Assigned task:
Every record below should be printed exactly, except for the pictures.

The input:
::::

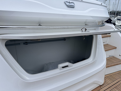 Transom platform to have electro-hydraulic power lift system. The maximum safe working load on the transom platform is 350kg and the maximum recommended permanent load (i.e. tender) is 350kg. Can accommodate up to Williams 285. Includes stainless steel tender slider plates with flush deck plates.
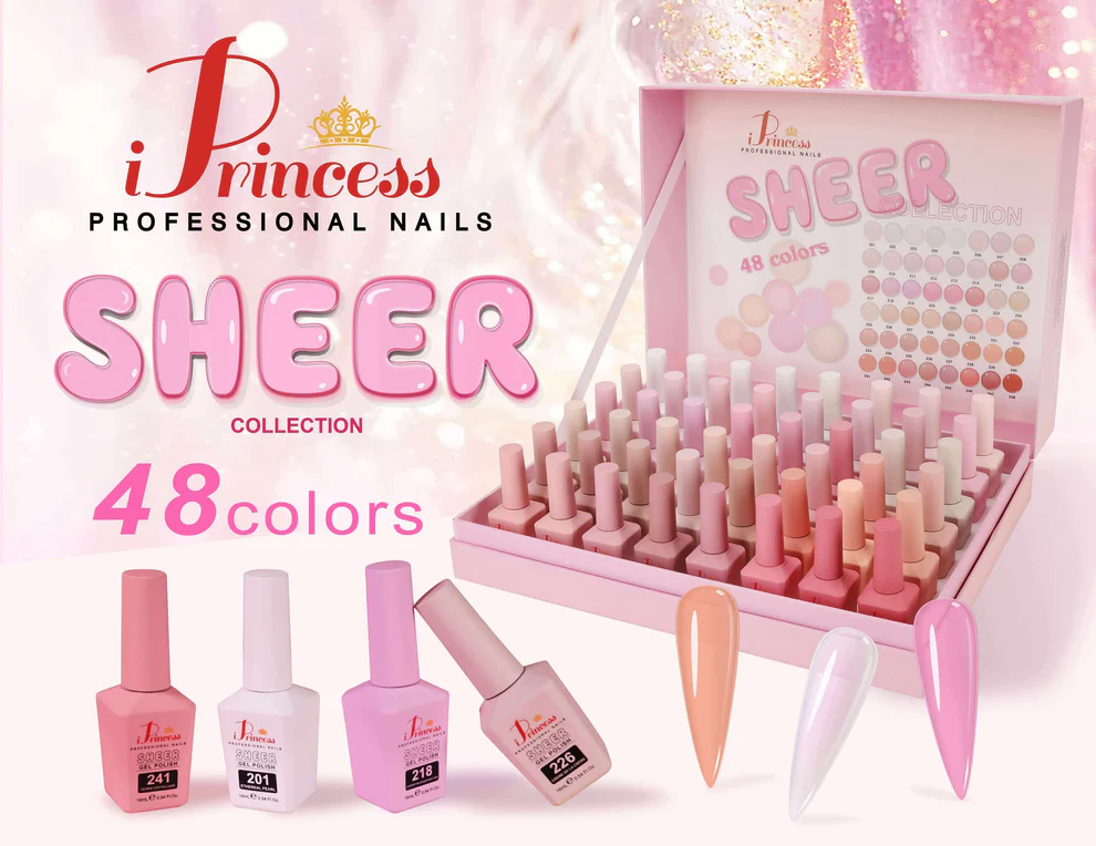 iPrincess Sheer Collection a professional Gel Polish Kit with 48 gel only sheer shades. Each color can be layered 2–3 coats to adjust opacity, creating soft, natural, and elegant nail looks. Comes in 1 box with a full color display for easy selection.
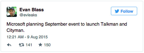 @evleaks утверждает, что оба смартфона — Cityman и Talkman выйдут уже в сентябре текущего года и станут первыми смартфонами на новой Windows 10 Mobile.
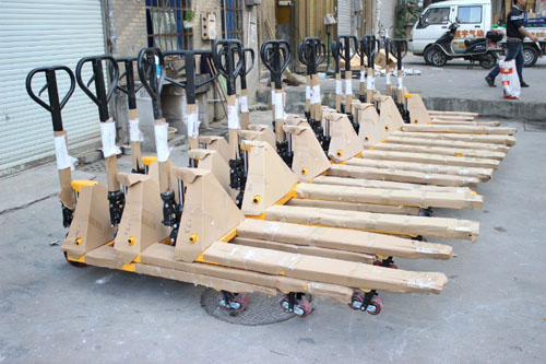 液压搬运车是一种小巧方便,使用灵活,载重量大,结实耐用的货物搬运工具,俗称"地牛"。搬运车除了具有托运货物的功能外,为了方便起降货物,车地盘与轮之间带有液压装置,可以方便的将车推入货箱底座之下,然后用液压将地盘升高,托起货物,便可拖动货物移动,到达目的地后,用液压将底盘降落,货物也随之落地,可以方便的抽出搬运车,省去了人力搬运的复杂过程。
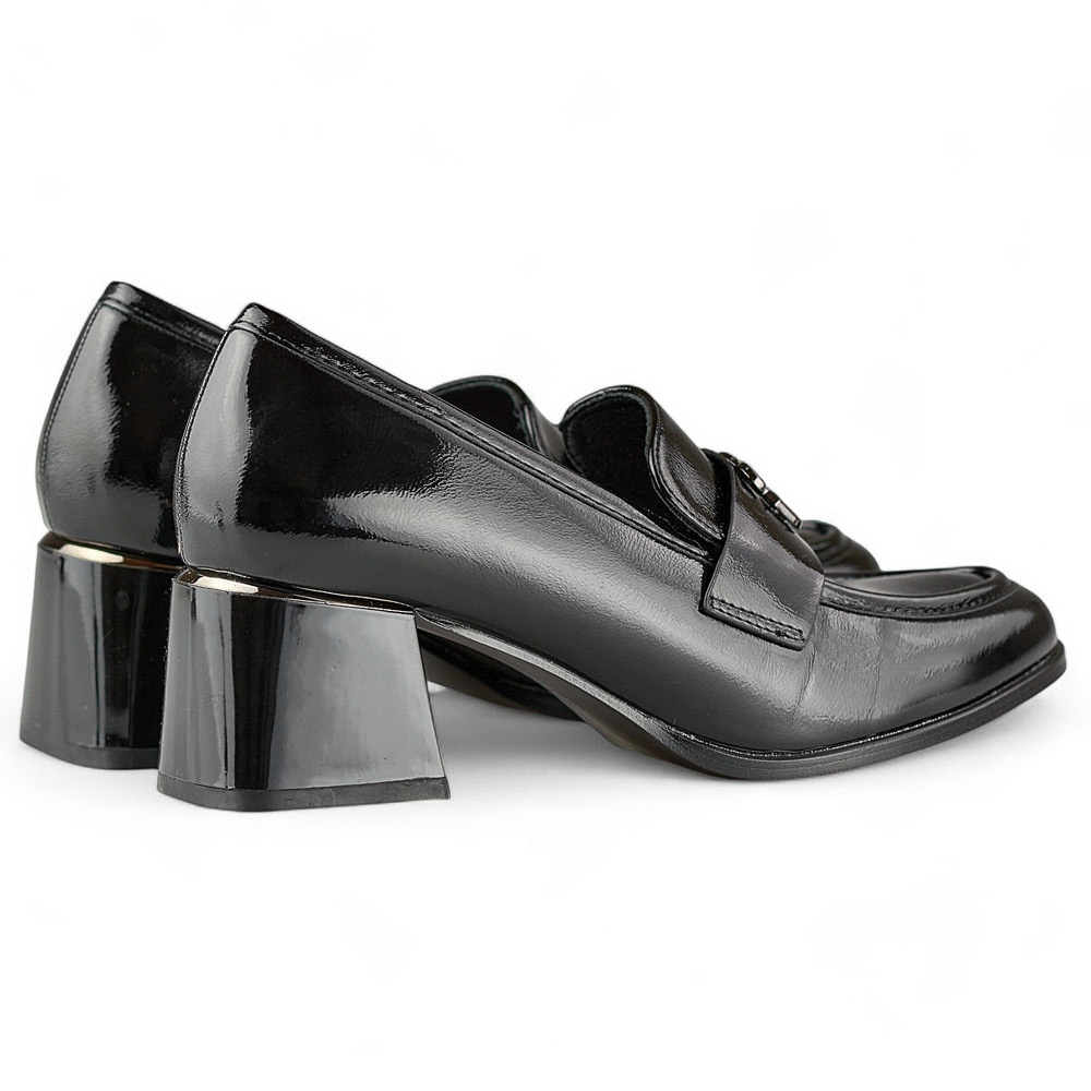 Details: Schwarze Lackschuhe mit niedrigem Absatz, Damenpumps mit hohem Absatz
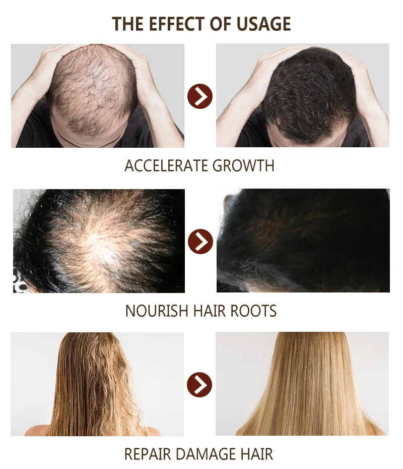 - This product is made of natural extracts that are safe and healthy for the scalp. It can make hair grow 2-3 times faster than normal, and promote hair growth 7 times more. Make hair thicker and stronger so that the hair becomes smooth and healthy.
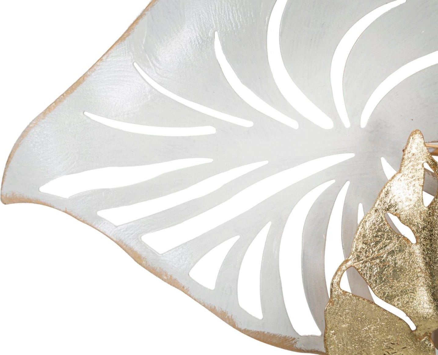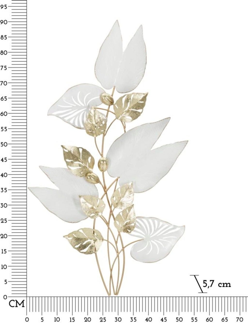 Kombinacija velikih, belih listnih površin in manjših, zlato poudarjenih listov ustvari presenetljivo globino in elegantno igro svetlobe na vaši steni. Organske linije dajejo predmetu naravno lahkotnost, kakovostna kovinska obdelava pa izžareva pridih glamurja.
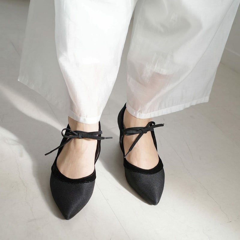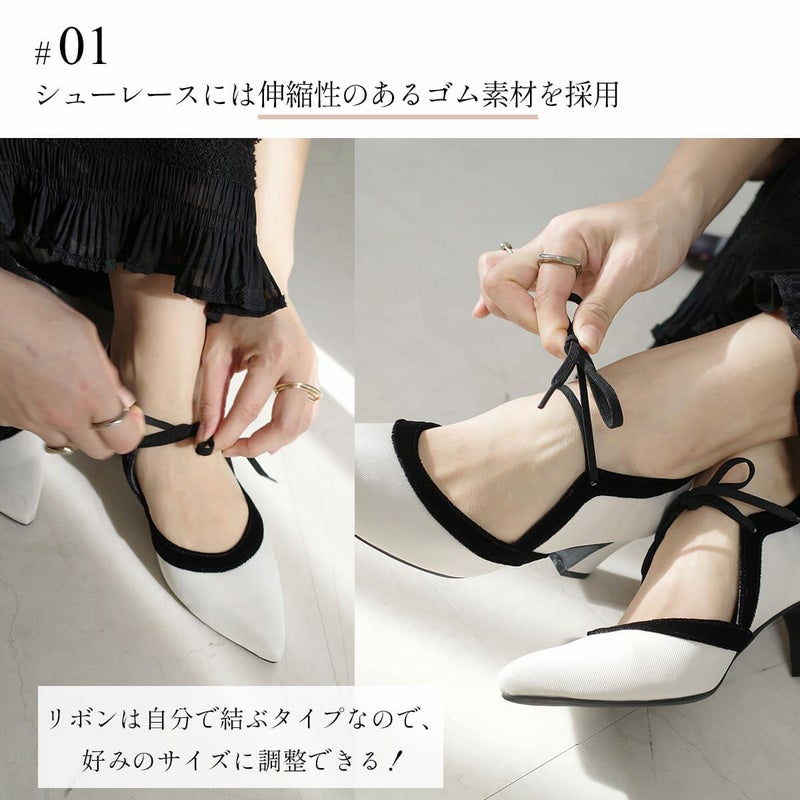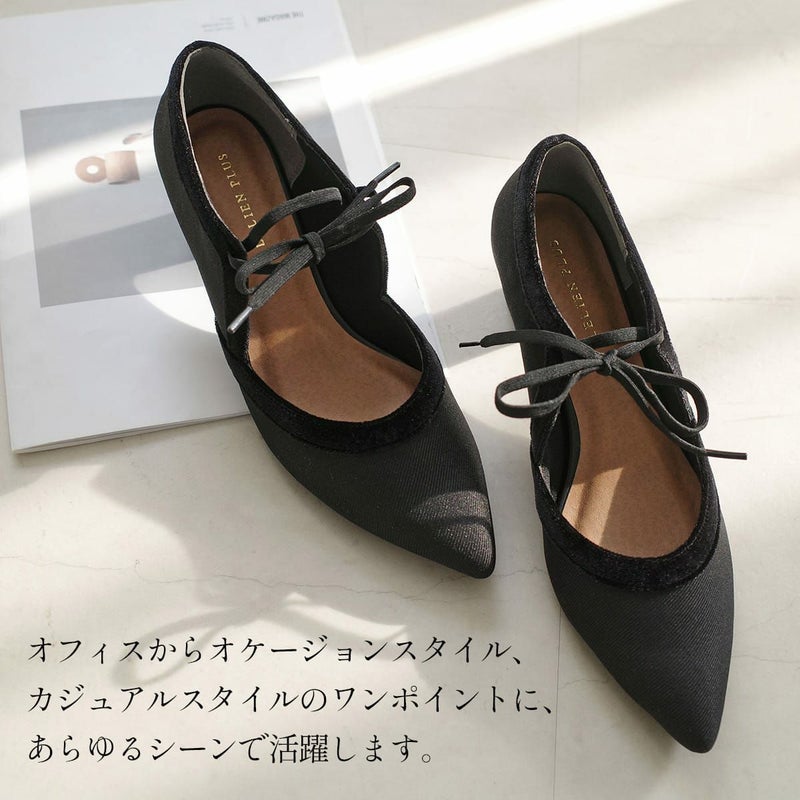 さりげないリボンで甘さを抑えた上品なリボンパンプス
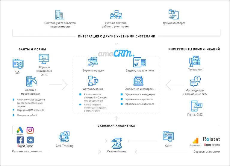Следующий шаг – интеграция CRM с текущей инфраструктурой: сайтом, телефонией и учетными системами застройщика (по работе с риэлторами, по работе с документооборотом, по учету объектов недвижимости).
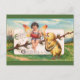 Um belo cartão postal de vintage com uma linda música de fazer de fada com uma galinha, pintada pela ilustradora americana Ellen Hattie Clapsaddle.
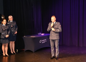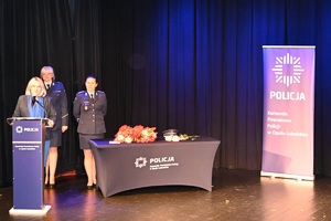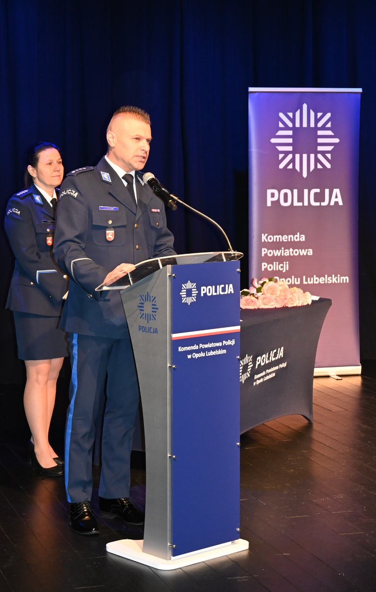 Głos zabrała również Pani Joanna Stec -Trzpil - Przewodnicząca Komisji Krajowej Związku Zawodowego Pracowników Policji, która podkreśliła, że praca Pracowników Policji ma znaczenie dla sprawnego funkcjonowania Policji. Pracownik cywilny choć nie nosi munduru, każdego dnia też służy Państwu Polskiemu. Podziękowania w kierunku pracowników cywilnych skierowała również Pani Justyna Głogowska – Przewodnicząca Związku Zawodowego Policji w Komendzie Powiatowej Policji w Opolu Lubelskim oraz Pan Bogusław Gorzym – Prezes Koła Stowarzyszenia Emerytów i Rencistów Policyjnych w Opolu Lubelskim.
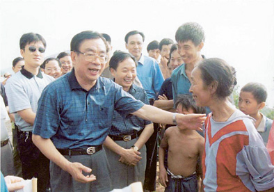 2000年8月5日,賀國強歡送即將外遷的三峽庫區(qū)移民。
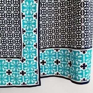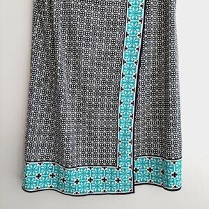 MAX STUDIO Geometric Blue Pattern Stretchy Faux Wrap Mini Dress Sz L
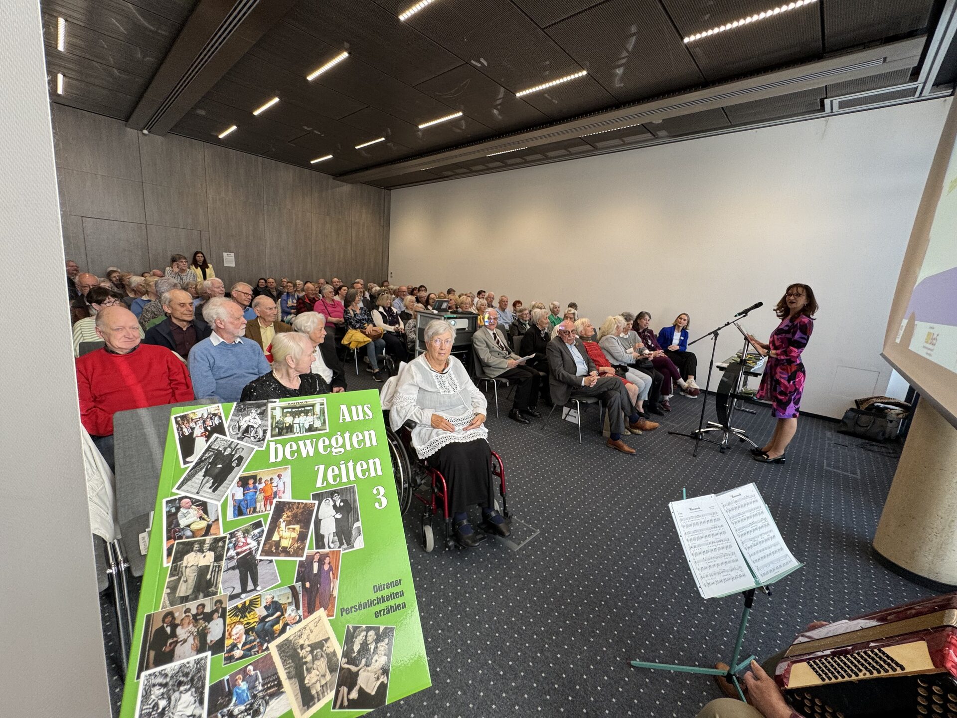 Initiatorin Ingrid Nothhelfer bedankte sich bei allen, die dazu beigetragen haben, das Buch zu realisieren. Sie las aus einigen Geschichten derjenigen vor, die an dem Nachmittag leider nicht anwesend sein konnten. Sie ist eine der zahlreichen „SeniorTrainerinnen und SeniorTrainer“, die im Rahmen des Projekts EFI (Erfahrungswissen für Initiativen) ausgebildet wurden. Ziel ist es, dass Menschen ihr Erfahrungswissen ehrenamtlich in die Gesellschaft einbringen und mit ihren Mitmenschen teilen. Dieses Engagement zeigte sich einmal mehr an dem Nachmittag der Lesung. Musikalisch begleitet wurde die Veranstaltung von Max Roeder auf dem Akkordeon.
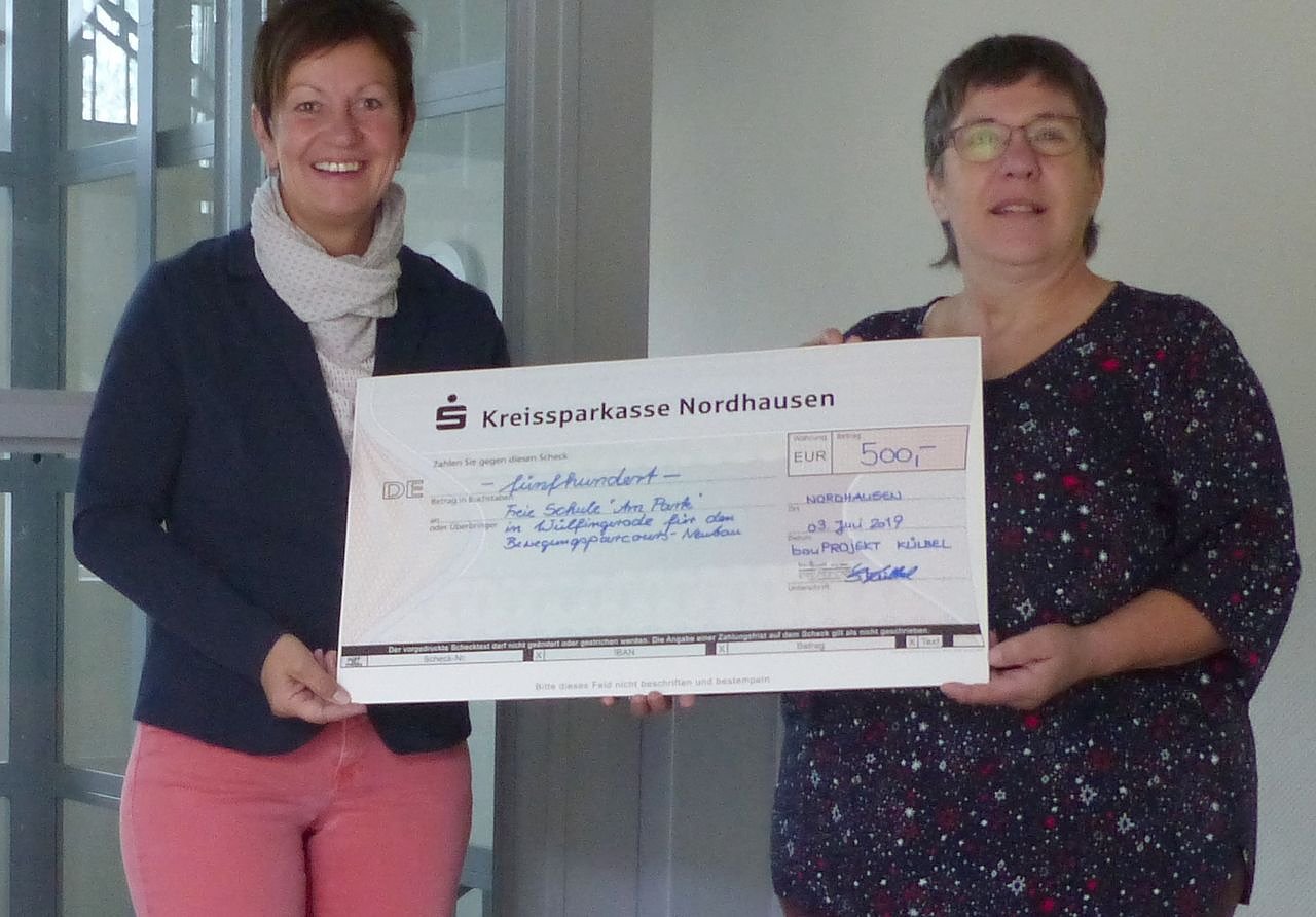 Silke Külbel bei der Scheckübergabe an Gisela MorgenrothZiel war es, mit dem Bau eines Bewegungsparcours die Kinder/Jugendlichen sowie die Mitarbeiter des Heilpädagogischen Zentrums anzusprechen. Sportliche Aktivitäten stärken Knochen und Muskulatur, Herz-, Kreislauf- und Stoffwechselerkrankungen werden vorgebeugt sowie das Immunsystem wird gestärkt. Nur einige Gründe, warum Mitarbeiter und Kinder ihre Pausen clever nutzen sollten.

::::

Problem solution:
 Transom platform to have electro-hydraulic power lift system. The maximum safe working load on the transom platform is 350kg and the maximum recommended permanent load (i.e. tender) is 350kg. Can accommodate up to Williams 285. Includes stainless steel tender slider plates with flush deck plates.
 iPrincess Sheer Collection a professional Gel Polish Kit with 48 gel only sheer shades. Each color can be layered 2–3 coats to adjust opacity, creating soft, natural, and elegant nail looks. Comes in 1 box with a full color display for easy selection.
 @evleaks утверждает, что оба смартфона — Cityman и Talkman выйдут уже в сентябре текущего года и станут первыми смартфонами на новой Windows 10 Mobile.
 液压搬运车是一种小巧方便,使用灵活,载重量大,结实耐用的货物搬运工具,俗称"地牛"。搬运车除了具有托运货物的功能外,为了方便起降货物,车地盘与轮之间带有液压装置,可以方便的将车推入货箱底座之下,然后用液压将地盘升高,托起货物,便可拖动货物移动,到达目的地后,用液压将底盘降落,货物也随之落地,可以方便的抽出搬运车,省去了人力搬运的复杂过程。
 Details: Schwarze Lackschuhe mit niedrigem Absatz, Damenpumps mit hohem Absatz
 - This product is made of natural extracts that are safe and healthy for the scalp. It can make hair grow 2-3 times faster than normal, and promote hair growth 7 times more. Make hair thicker and stronger so that the hair becomes smooth and healthy.
 Kombinacija velikih, belih listnih površin in manjših, zlato poudarjenih listov ustvari presenetljivo globino in elegantno igro svetlobe na vaši steni. Organske linije dajejo predmetu naravno lahkotnost, kakovostna kovinska obdelava pa izžareva pridih glamurja.
 さりげないリボンで甘さを抑えた上品なリボンパンプス
Следующий шаг – интеграция CRM с текущей инфраструктурой: сайтом, телефонией и учетными системами застройщика (по работе с риэлторами, по работе с документооборотом, по учету объектов недвижимости).
 Um belo cartão postal de vintage com uma linda música de fazer de fada com uma galinha, pintada pela ilustradora americana Ellen Hattie Clapsaddle.
 Głos zabrała również Pani Joanna Stec -Trzpil - Przewodnicząca Komisji Krajowej Związku Zawodowego Pracowników Policji, która podkreśliła, że praca Pracowników Policji ma znaczenie dla sprawnego funkcjonowania Policji. Pracownik cywilny choć nie nosi munduru, każdego dnia też służy Państwu Polskiemu. Podziękowania w kierunku pracowników cywilnych skierowała również Pani Justyna Głogowska – Przewodnicząca Związku Zawodowego Policji w Komendzie Powiatowej Policji w Opolu Lubelskim oraz Pan Bogusław Gorzym – Prezes Koła Stowarzyszenia Emerytów i Rencistów Policyjnych w Opolu Lubelskim.
 2000年8月5日,賀國強歡送即將外遷的三峽庫區(qū)移民。
 MAX STUDIO Geometric Blue Pattern Stretchy Faux Wrap Mini Dress Sz L
 Initiatorin Ingrid Nothhelfer bedankte sich bei allen, die dazu beigetragen haben, das Buch zu realisieren. Sie las aus einigen Geschichten derjenigen vor, die an dem Nachmittag leider nicht anwesend sein konnten. Sie ist eine der zahlreichen „SeniorTrainerinnen und SeniorTrainer“, die im Rahmen des Projekts EFI (Erfahrungswissen für Initiativen) ausgebildet wurden. Ziel ist es, dass Menschen ihr Erfahrungswissen ehrenamtlich in die Gesellschaft einbringen und mit ihren Mitmenschen teilen. Dieses Engagement zeigte sich einmal mehr an dem Nachmittag der Lesung. Musikalisch begleitet wurde die Veranstaltung von Max Roeder auf dem Akkordeon.
 Silke Külbel bei der Scheckübergabe an Gisela MorgenrothZiel war es, mit dem Bau eines Bewegungsparcours die Kinder/Jugendlichen sowie die Mitarbeiter des Heilpädagogischen Zentrums anzusprechen. Sportliche Aktivitäten stärken Knochen und Muskulatur, Herz-, Kreislauf- und Stoffwechselerkrankungen werden vorgebeugt sowie das Immunsystem wird gestärkt. Nur einige Gründe, warum Mitarbeiter und Kinder ihre Pausen clever nutzen sollten.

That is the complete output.